• Instructions for the task: As you print the data below, keep every line exactly as it is and leave the images behind.

(Beginning of Source data)

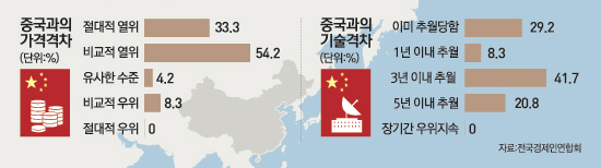 △김도훈 원장=중국 경기 둔화를 비관적으로만 볼 필요는 없다. 중국 경제가 그동안의 거품을 걷어내고 정상화하고 있다. 이는 중장기적 관점에서 오히려 바람직하다. 문제는 중국 기업들이 우리나라 기업들을 쫓아오는 속도가 굉장히 빠르다는 점이다. 우리나라의 12대 주력 산업이 전체 수출의 80%를 차지하는데 15년 전부터 그랬다. 중국 입장에서 우리는 움직이지 않는 좋은 목표물이다. 중국과 우리나라의 기술 격차가 1.5년이니 2년이니 하는 논쟁은 의미가 없다. 이제는 대등한 상황이다. 기업들도 일종의 충격이 필요하다. 다들 기술력이 좁혀진 것을 걱정한다. 더군다나 한중 자유무역협정(FTA)이 발효되면 통합시장에서 경쟁해야 하는 처지다. 경쟁이 심화하면 적어도 혁신 쪽에서는 우리 기업들의 안일함을 깰 수 있는 계기가 될 수 있다.
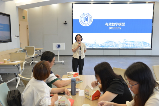首先,上官倩芡老师让大家以小组为单位,对于如何开展有效课堂教学进行讨论,并做分享。基于大家的讨论与分享,上官倩芡老师顺势提出了BOPPPS教学模型。强调其实大家都在无形中运用BOPPPS教学模型。BOPPPS具体指B(Bridge in导入),吸引学习者注意力的短“钩子”,解释课程的重要性/相关性,引发学生学习动机。O(Outcome目标),说明学习单元结束后学习者将了解、做什么或重视什么;使课程聚焦。P(Pre-Assessment前测),显示学习者对教学主题已有的知识;以适当的水平和速度为学习者授课;帮助教师调整课程以适应学习者的需要。P(Participatory Learning参与式学习),一系列有目的的活动;学习者可以以多种方式积极参与学习内容或任务。P (Post-Assessment后测),展示学习者学到了什么;帮助教师和学生确定是否达成学习目标。S (Summary/Closure总结),学习者可以反思/整合学习内容;强化学习;关联下一次课程。上官倩芡老师特别强调,一切教学活动的设计都是围绕教学目标进行,为教学目标服务。同时参与式学习贯穿教学过程始终。
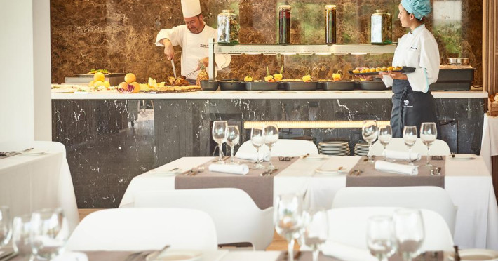 La Flamingo Beach Mate oaspeții pot servi masa în stil bufet. Flamingo Beach Mate servește zilnic un mic dejun tip bufet în zona de luat masa. Oaspeţii pot avea diverse băuturi răcoritoare sau alcoolice la bar. În cadrul proprietății există și un snack bar care servește băuturi și gustări. Pentru cei cu anumite nevoi de nutriție, Flamingo Beach Mate oferă meniuri pentru diete speciale.

(End of Source data)

• Worked solution:
 △김도훈 원장=중국 경기 둔화를 비관적으로만 볼 필요는 없다. 중국 경제가 그동안의 거품을 걷어내고 정상화하고 있다. 이는 중장기적 관점에서 오히려 바람직하다. 문제는 중국 기업들이 우리나라 기업들을 쫓아오는 속도가 굉장히 빠르다는 점이다. 우리나라의 12대 주력 산업이 전체 수출의 80%를 차지하는데 15년 전부터 그랬다. 중국 입장에서 우리는 움직이지 않는 좋은 목표물이다. 중국과 우리나라의 기술 격차가 1.5년이니 2년이니 하는 논쟁은 의미가 없다. 이제는 대등한 상황이다. 기업들도 일종의 충격이 필요하다. 다들 기술력이 좁혀진 것을 걱정한다. 더군다나 한중 자유무역협정(FTA)이 발효되면 통합시장에서 경쟁해야 하는 처지다. 경쟁이 심화하면 적어도 혁신 쪽에서는 우리 기업들의 안일함을 깰 수 있는 계기가 될 수 있다.
首先,上官倩芡老师让大家以小组为单位,对于如何开展有效课堂教学进行讨论,并做分享。基于大家的讨论与分享,上官倩芡老师顺势提出了BOPPPS教学模型。强调其实大家都在无形中运用BOPPPS教学模型。BOPPPS具体指B(Bridge in导入),吸引学习者注意力的短“钩子”,解释课程的重要性/相关性,引发学生学习动机。O(Outcome目标),说明学习单元结束后学习者将了解、做什么或重视什么;使课程聚焦。P(Pre-Assessment前测),显示学习者对教学主题已有的知识;以适当的水平和速度为学习者授课;帮助教师调整课程以适应学习者的需要。P(Participatory Learning参与式学习),一系列有目的的活动;学习者可以以多种方式积极参与学习内容或任务。P (Post-Assessment后测),展示学习者学到了什么;帮助教师和学生确定是否达成学习目标。S (Summary/Closure总结),学习者可以反思/整合学习内容;强化学习;关联下一次课程。上官倩芡老师特别强调,一切教学活动的设计都是围绕教学目标进行,为教学目标服务。同时参与式学习贯穿教学过程始终。
 La Flamingo Beach Mate oaspeții pot servi masa în stil bufet. Flamingo Beach Mate servește zilnic un mic dejun tip bufet în zona de luat masa. Oaspeţii pot avea diverse băuturi răcoritoare sau alcoolice la bar. În cadrul proprietății există și un snack bar care servește băuturi și gustări. Pentru cei cu anumite nevoi de nutriție, Flamingo Beach Mate oferă meniuri pentru diete speciale.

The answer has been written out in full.